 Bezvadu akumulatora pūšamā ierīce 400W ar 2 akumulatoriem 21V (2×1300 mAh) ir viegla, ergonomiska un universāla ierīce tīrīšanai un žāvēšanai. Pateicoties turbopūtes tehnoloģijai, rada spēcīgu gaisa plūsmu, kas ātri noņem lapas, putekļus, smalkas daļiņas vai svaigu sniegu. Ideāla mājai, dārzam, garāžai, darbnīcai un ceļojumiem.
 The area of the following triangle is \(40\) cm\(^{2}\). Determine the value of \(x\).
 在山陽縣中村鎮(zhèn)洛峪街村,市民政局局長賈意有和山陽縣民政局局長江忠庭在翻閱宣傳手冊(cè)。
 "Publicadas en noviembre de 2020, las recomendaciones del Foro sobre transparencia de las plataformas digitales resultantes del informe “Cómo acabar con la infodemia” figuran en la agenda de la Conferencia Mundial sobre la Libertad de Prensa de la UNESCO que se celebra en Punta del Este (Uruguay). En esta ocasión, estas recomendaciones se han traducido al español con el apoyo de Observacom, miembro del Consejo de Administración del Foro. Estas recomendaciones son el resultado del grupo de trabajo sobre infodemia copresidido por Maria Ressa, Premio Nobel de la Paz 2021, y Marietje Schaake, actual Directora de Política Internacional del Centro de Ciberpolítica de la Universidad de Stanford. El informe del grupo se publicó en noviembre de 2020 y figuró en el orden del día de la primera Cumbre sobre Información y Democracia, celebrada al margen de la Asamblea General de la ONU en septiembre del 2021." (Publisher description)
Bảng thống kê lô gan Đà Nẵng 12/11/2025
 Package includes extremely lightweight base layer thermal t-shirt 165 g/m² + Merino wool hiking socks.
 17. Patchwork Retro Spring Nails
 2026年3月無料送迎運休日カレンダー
※ ※ ※
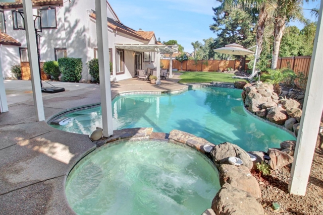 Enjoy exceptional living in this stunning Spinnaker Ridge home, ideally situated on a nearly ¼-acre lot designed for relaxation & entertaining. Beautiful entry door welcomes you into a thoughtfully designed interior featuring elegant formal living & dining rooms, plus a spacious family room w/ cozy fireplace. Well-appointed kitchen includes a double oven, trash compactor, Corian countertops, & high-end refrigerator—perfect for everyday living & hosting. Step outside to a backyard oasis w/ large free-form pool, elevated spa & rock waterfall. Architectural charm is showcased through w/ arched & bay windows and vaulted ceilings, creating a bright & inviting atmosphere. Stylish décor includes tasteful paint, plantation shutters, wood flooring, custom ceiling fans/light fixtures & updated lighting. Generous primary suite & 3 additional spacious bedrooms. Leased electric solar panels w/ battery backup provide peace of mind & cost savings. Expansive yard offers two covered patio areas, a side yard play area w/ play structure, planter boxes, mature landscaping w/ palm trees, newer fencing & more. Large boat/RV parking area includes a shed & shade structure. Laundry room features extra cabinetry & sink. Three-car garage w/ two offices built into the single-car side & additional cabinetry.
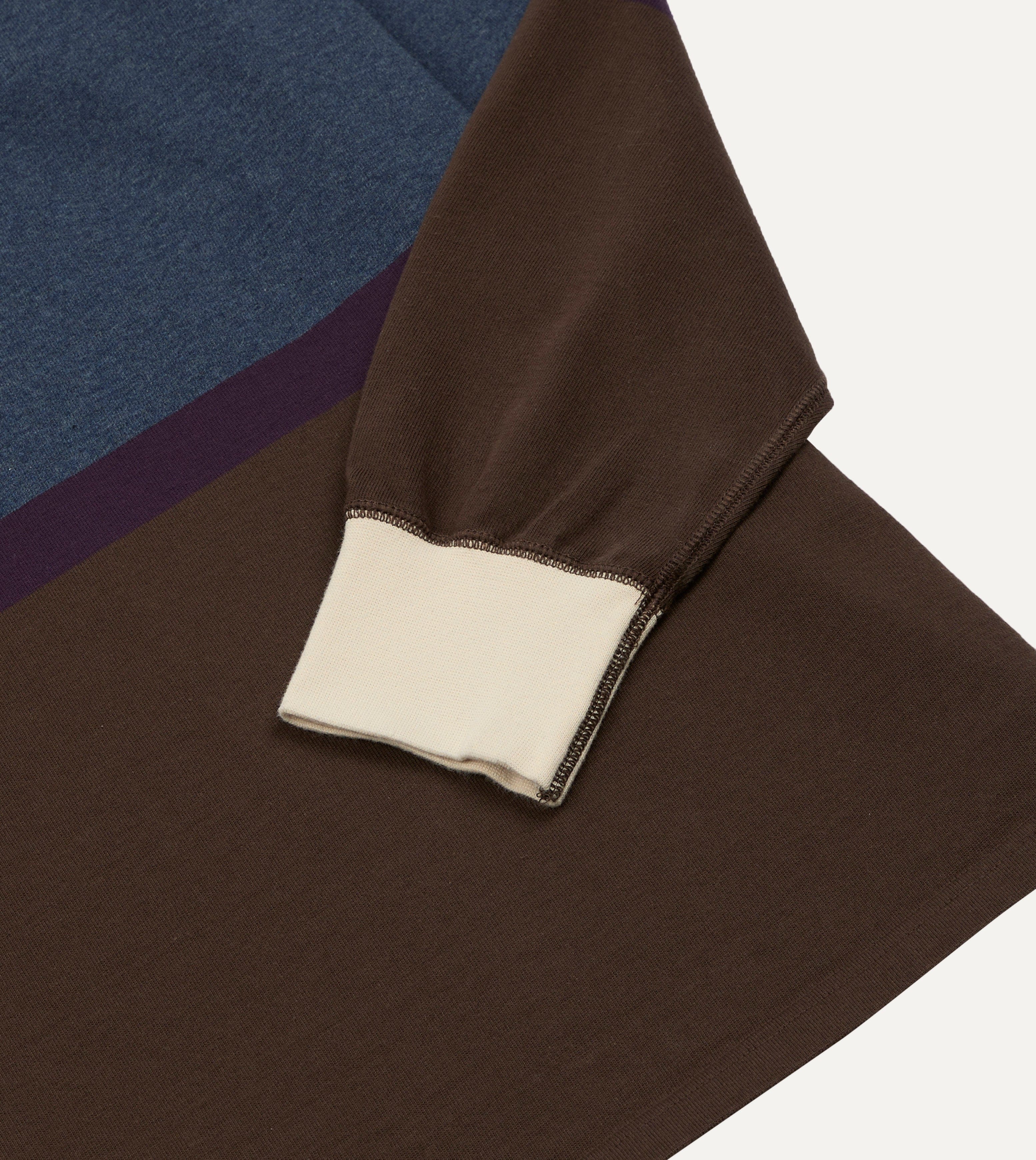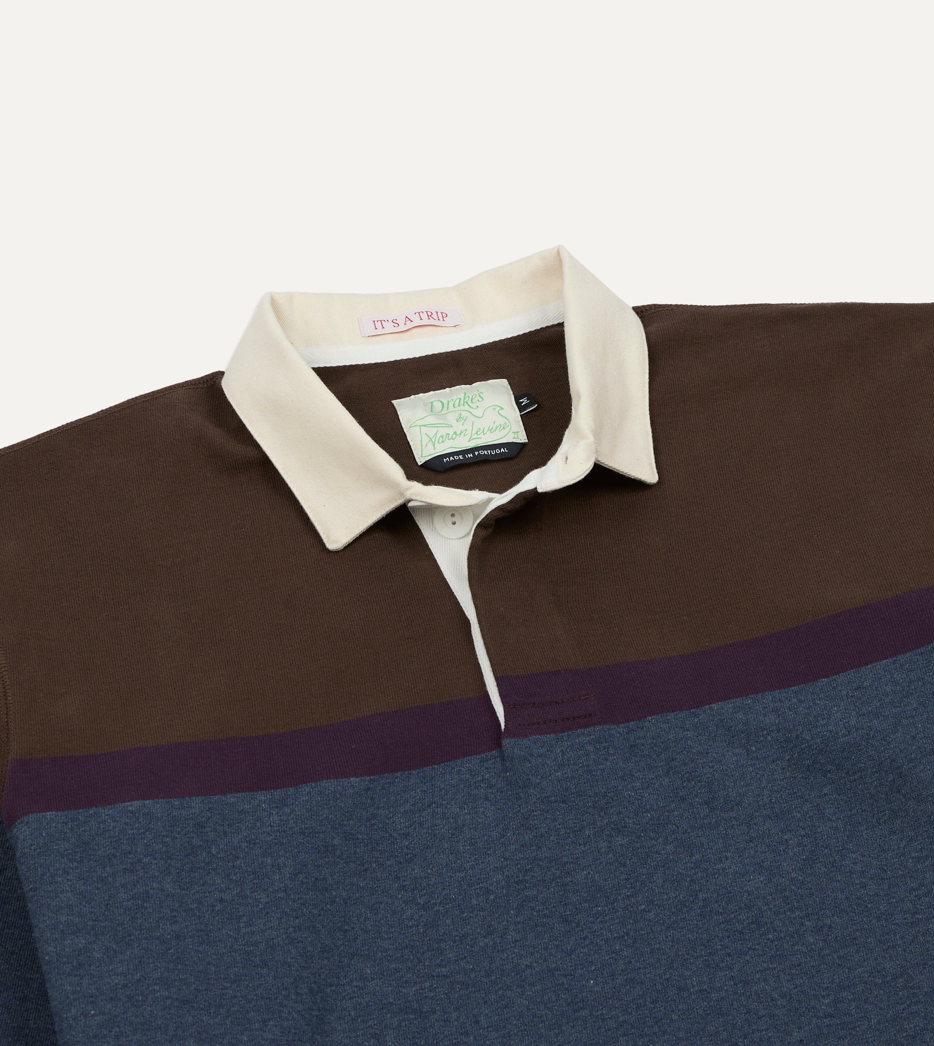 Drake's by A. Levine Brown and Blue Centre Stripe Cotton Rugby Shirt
※ ※ ※
YOUR TASK:
Print exactly the lines above, between the one holding "Bezvadu akumulatora pūšamā" and the one holding "在山陽縣中村鎮(zhèn)洛", inclusive, and nothing besides.

RESPONSE BELOW:
 Bezvadu akumulatora pūšamā ierīce 400W ar 2 akumulatoriem 21V (2×1300 mAh) ir viegla, ergonomiska un universāla ierīce tīrīšanai un žāvēšanai. Pateicoties turbopūtes tehnoloģijai, rada spēcīgu gaisa plūsmu, kas ātri noņem lapas, putekļus, smalkas daļiņas vai svaigu sniegu. Ideāla mājai, dārzam, garāžai, darbnīcai un ceļojumiem.
 The area of the following triangle is \(40\) cm\(^{2}\). Determine the value of \(x\).
 在山陽縣中村鎮(zhèn)洛峪街村,市民政局局長賈意有和山陽縣民政局局長江忠庭在翻閱宣傳手冊(cè)。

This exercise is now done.